───── Entries provided ─────

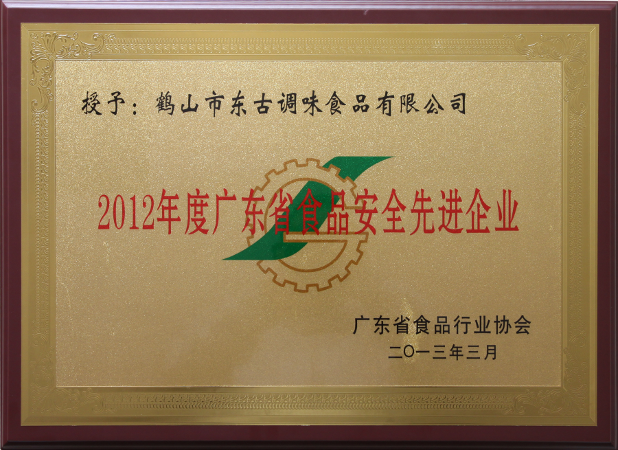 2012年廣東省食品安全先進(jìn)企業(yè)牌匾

─────
───── Entries provided ─────

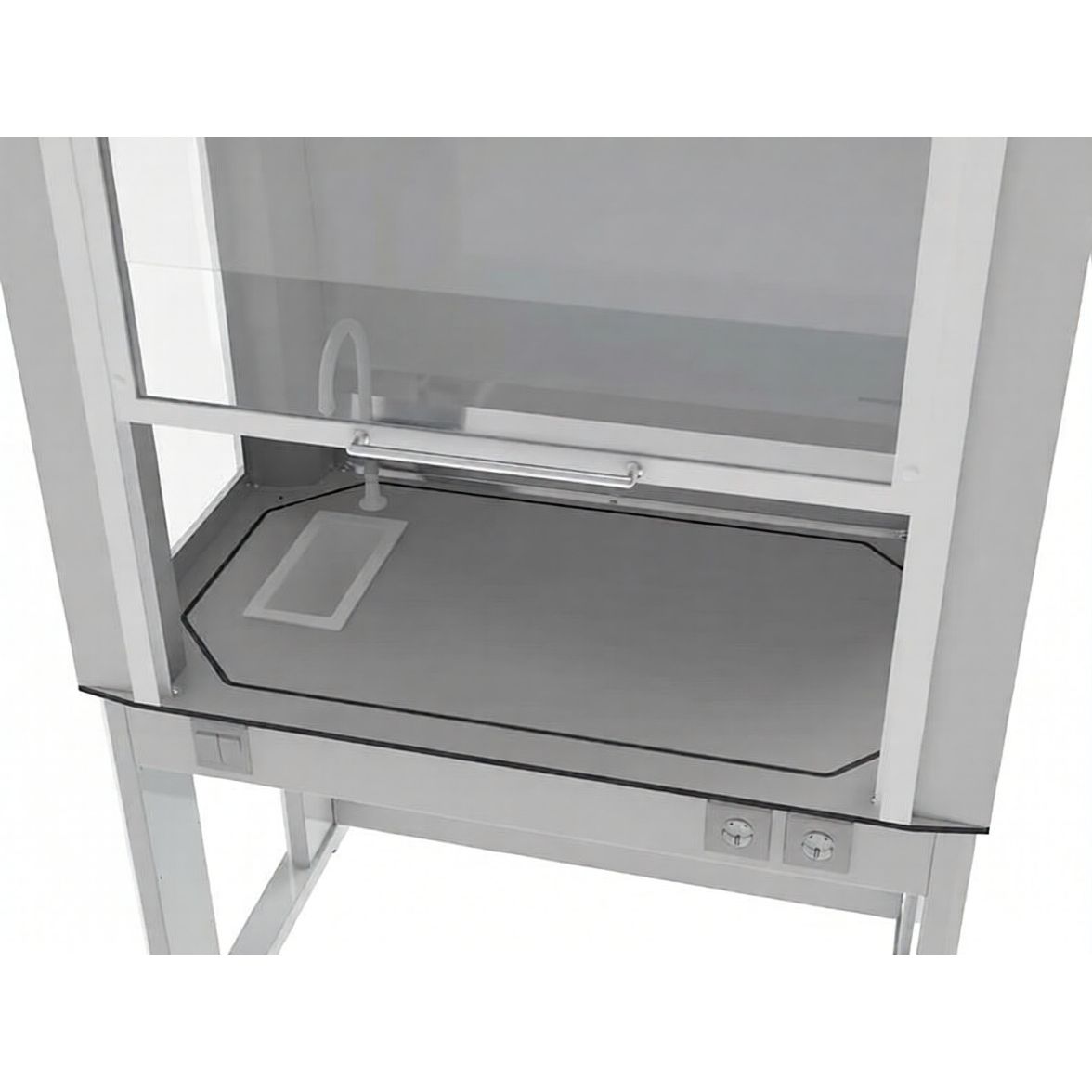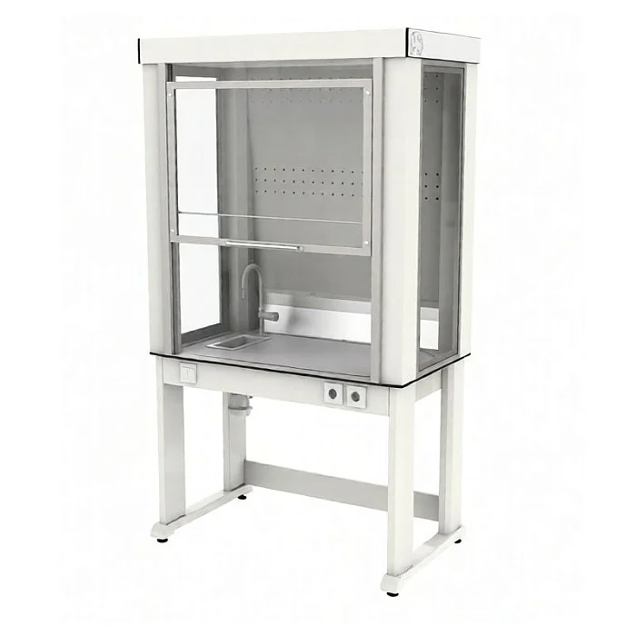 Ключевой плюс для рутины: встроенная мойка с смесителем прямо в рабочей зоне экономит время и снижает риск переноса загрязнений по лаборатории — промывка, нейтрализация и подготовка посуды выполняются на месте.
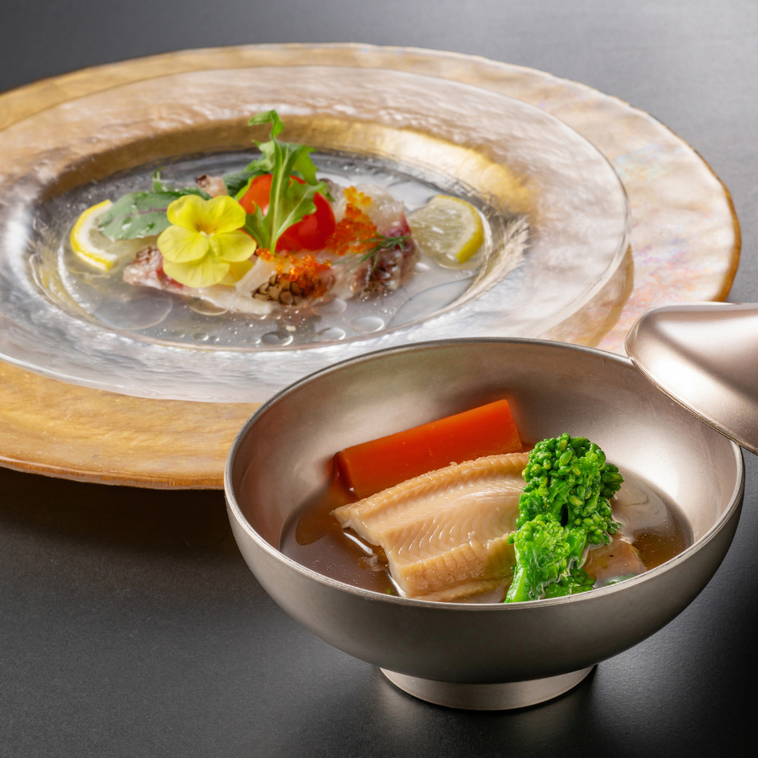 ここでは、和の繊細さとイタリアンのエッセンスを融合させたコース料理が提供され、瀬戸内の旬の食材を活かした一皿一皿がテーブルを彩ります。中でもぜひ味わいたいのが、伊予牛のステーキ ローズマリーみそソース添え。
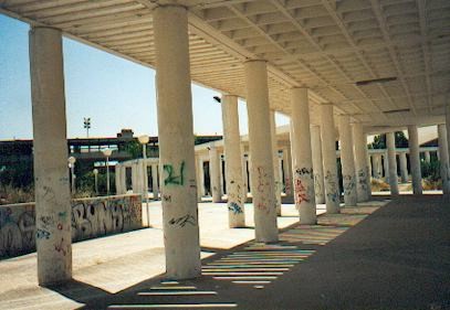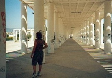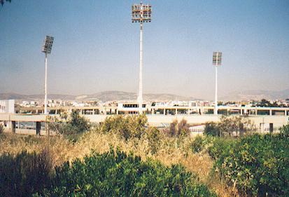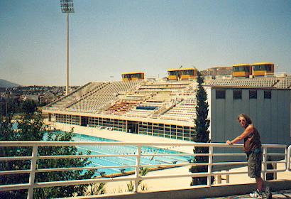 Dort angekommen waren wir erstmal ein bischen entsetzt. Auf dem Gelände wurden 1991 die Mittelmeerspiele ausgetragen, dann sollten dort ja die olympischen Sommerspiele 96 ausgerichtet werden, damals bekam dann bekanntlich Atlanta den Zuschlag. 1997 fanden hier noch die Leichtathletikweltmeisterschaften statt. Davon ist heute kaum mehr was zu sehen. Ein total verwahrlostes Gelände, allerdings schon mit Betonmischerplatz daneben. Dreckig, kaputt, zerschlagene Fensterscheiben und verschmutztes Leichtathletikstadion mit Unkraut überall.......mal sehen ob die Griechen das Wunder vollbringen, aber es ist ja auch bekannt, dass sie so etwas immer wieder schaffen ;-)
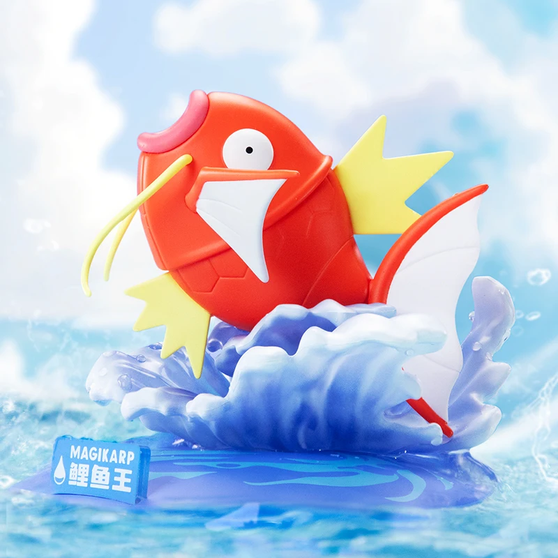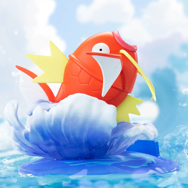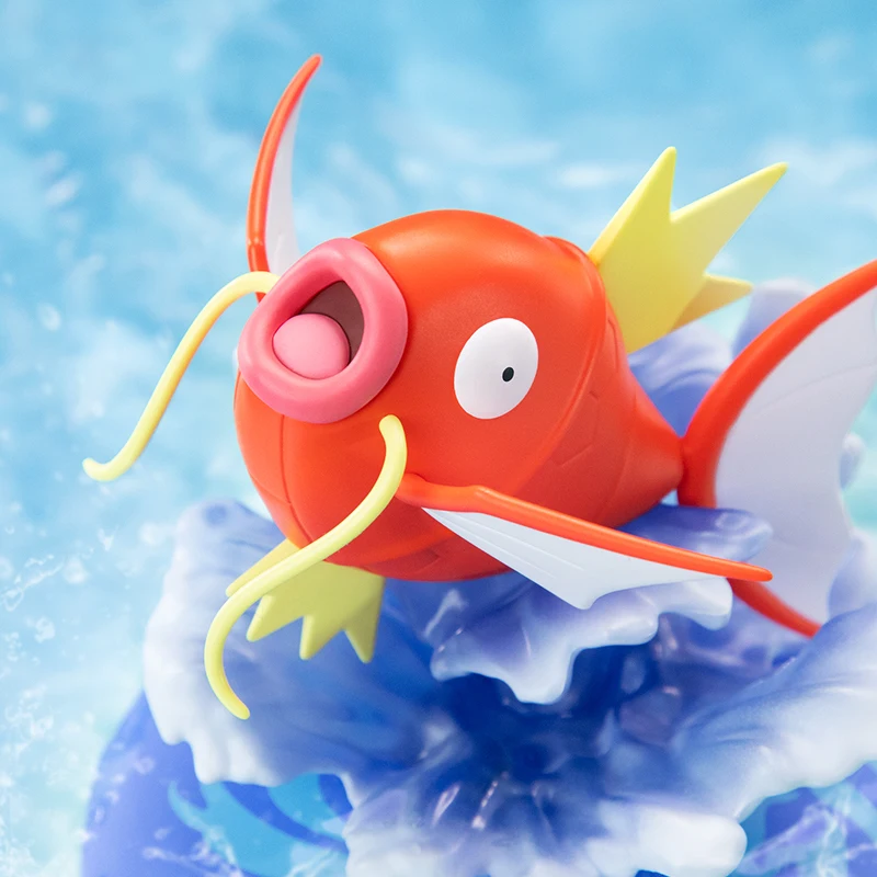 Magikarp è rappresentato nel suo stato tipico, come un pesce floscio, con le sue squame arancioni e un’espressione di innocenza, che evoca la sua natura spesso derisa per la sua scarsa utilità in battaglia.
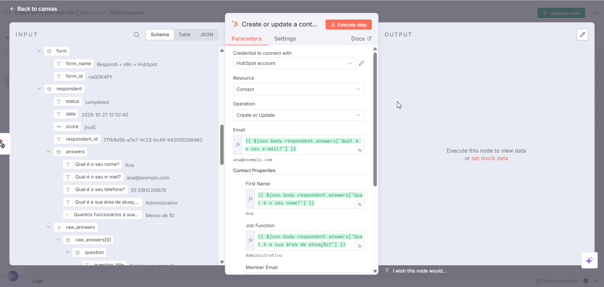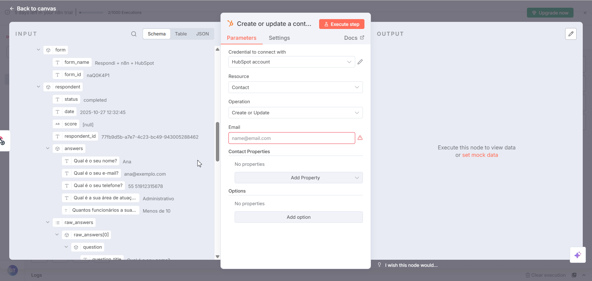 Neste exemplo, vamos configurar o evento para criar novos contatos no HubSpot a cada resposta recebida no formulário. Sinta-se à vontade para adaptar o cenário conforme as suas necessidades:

─────
───── Entries provided ─────

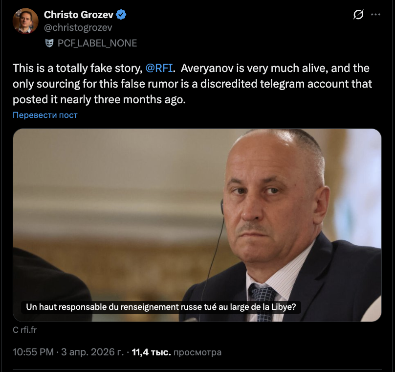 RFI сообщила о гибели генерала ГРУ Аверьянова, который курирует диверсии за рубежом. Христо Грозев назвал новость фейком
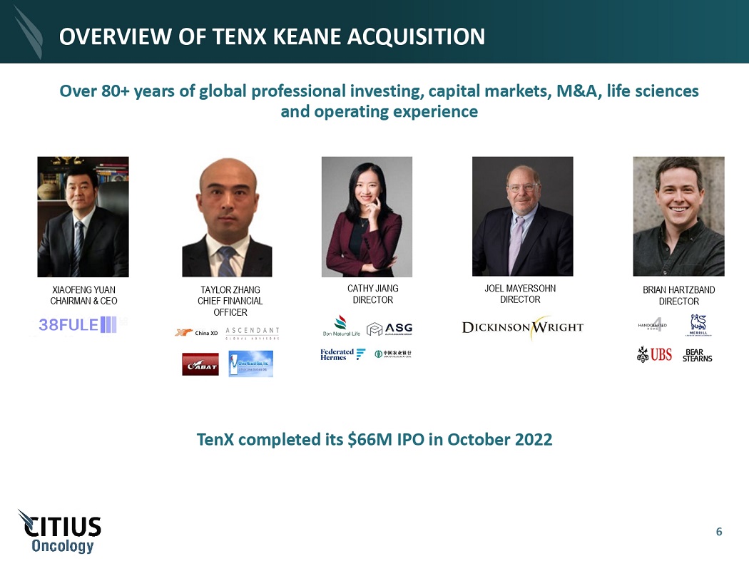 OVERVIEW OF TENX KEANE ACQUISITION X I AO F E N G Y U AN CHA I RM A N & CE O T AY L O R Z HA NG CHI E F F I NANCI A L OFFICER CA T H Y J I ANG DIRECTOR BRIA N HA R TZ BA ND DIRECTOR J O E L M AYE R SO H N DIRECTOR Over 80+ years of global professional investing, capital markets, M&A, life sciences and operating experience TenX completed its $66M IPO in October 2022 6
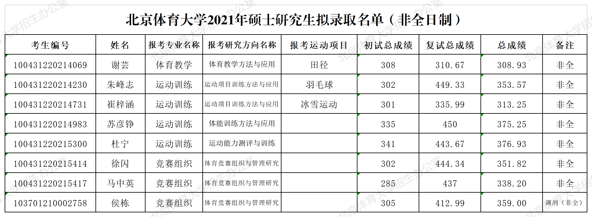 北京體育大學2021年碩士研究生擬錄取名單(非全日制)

─────

— Your goal —
Given the listing above, repeat exactly the lines starting at the one with "RFI сообщила о гибели" and ending at the one with "OVERVIEW OF TENX", inclusive, excluding pictures.

— Result of this task —
 RFI сообщила о гибели генерала ГРУ Аверьянова, который курирует диверсии за рубежом. Христо Грозев назвал новость фейком
 OVERVIEW OF TENX KEANE ACQUISITION X I AO F E N G Y U AN CHA I RM A N & CE O T AY L O R Z HA NG CHI E F F I NANCI A L OFFICER CA T H Y J I ANG DIRECTOR BRIA N HA R TZ BA ND DIRECTOR J O E L M AYE R SO H N DIRECTOR Over 80+ years of global professional investing, capital markets, M&A, life sciences and operating experience TenX completed its $66M IPO in October 2022 6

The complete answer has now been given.